Analytics Power Solar Energy Boost
Photovoltaic cells, the much-heralded hope for the future of solar energy, are still out of reach for mass consumption due in large part to overall cost. While solar energy pioneers are still seeking ways to tweak the price performance issue, others are focusing on less obvious potential solutions.
One such group of solar cell researchers at MIT is addressing the problem of current solar technology by examining the arrangement of the cells themselves. Their findings could provide power output that is anywhere from double to up to 20 times that of current solar cell configurations.
The key to the improvement is in the arrangement of the cells, and the fastest way to testing nearly limitless configurations is by using sophisticated analytics to arrive at conclusions.
The team behind the findings began with a sophisticated algorithm to explore, as MIT described, an “enormous variety of possible configurations and developed analytics software that can test any given configuration under a whole range of latitudes, seasons and weather.”
With the results of the analytical runs in hand, the team found that by building cubes or towers that extend the solar cells upward in three-dimensional configurations, the notable performance improvements could be gleaned. These results were magnified in situations when improvement was most critical—in locations far from the equator, during the winter, and on cloudy days.

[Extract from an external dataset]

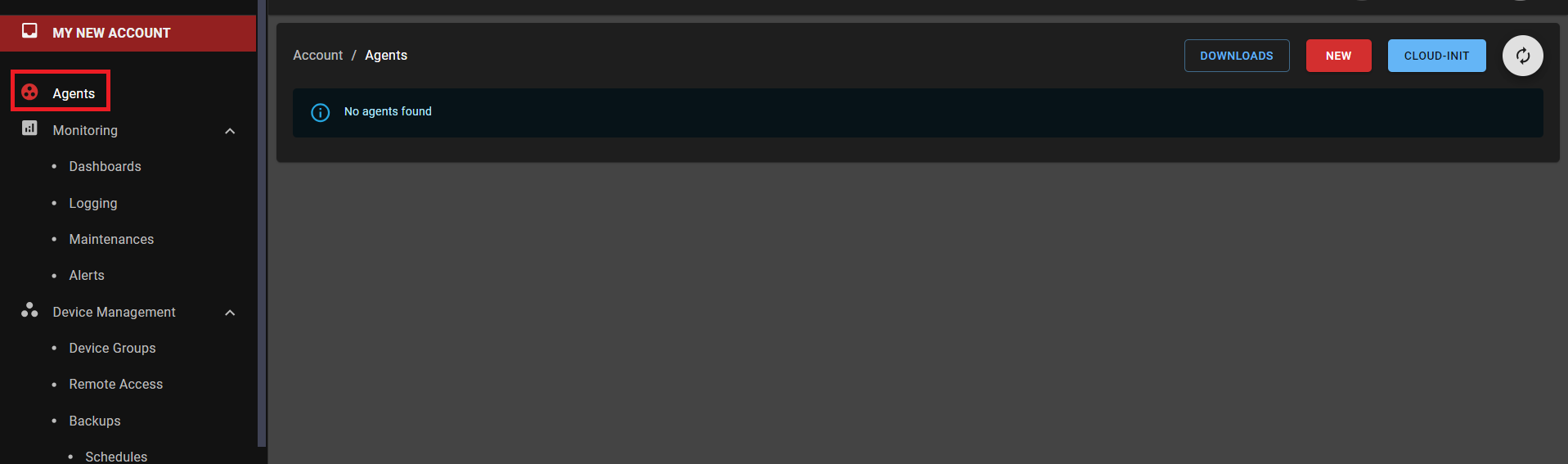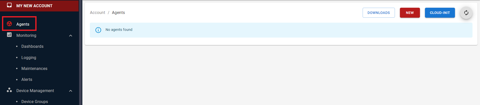 Copy the code displayed in the middle of the registration page seen in step 1.Go to Cloud.Red and navigate to the agents tab on the left-hand menu.

As co-author Marco Bernardi, a graduate student in MIT’s Department of Materials Science and Engineering (DMSE) describes, “The basic physical reason for the improvement in power output — and for the more uniform output over time — is that the 3-D structures’ vertical surfaces can collect much more sunlight during mornings, evenings and winters, when the sun is closer to the horizon.”
Although the analytics segment revealed the highest advantage would come from complex shapes — such as a cube where each face is dimpled inward — these would be difficult to manufacture, says co-author Nicola Ferralis, a research scientist in DMSE.
The algorithms can also be used to optimize and simplify shapes with little loss of energy. It turns out the difference in power output between such optimized shapes and a simpler cube is only about 10 to 15 percent — a difference that is dwarfed by the greatly improved performance of 3-D shapes in general, he says. The team analyzed both simpler cubic and more complex accordion-like shapes in their rooftop experimental tests, which were carried out based on the assumptions made from the analytics exercise.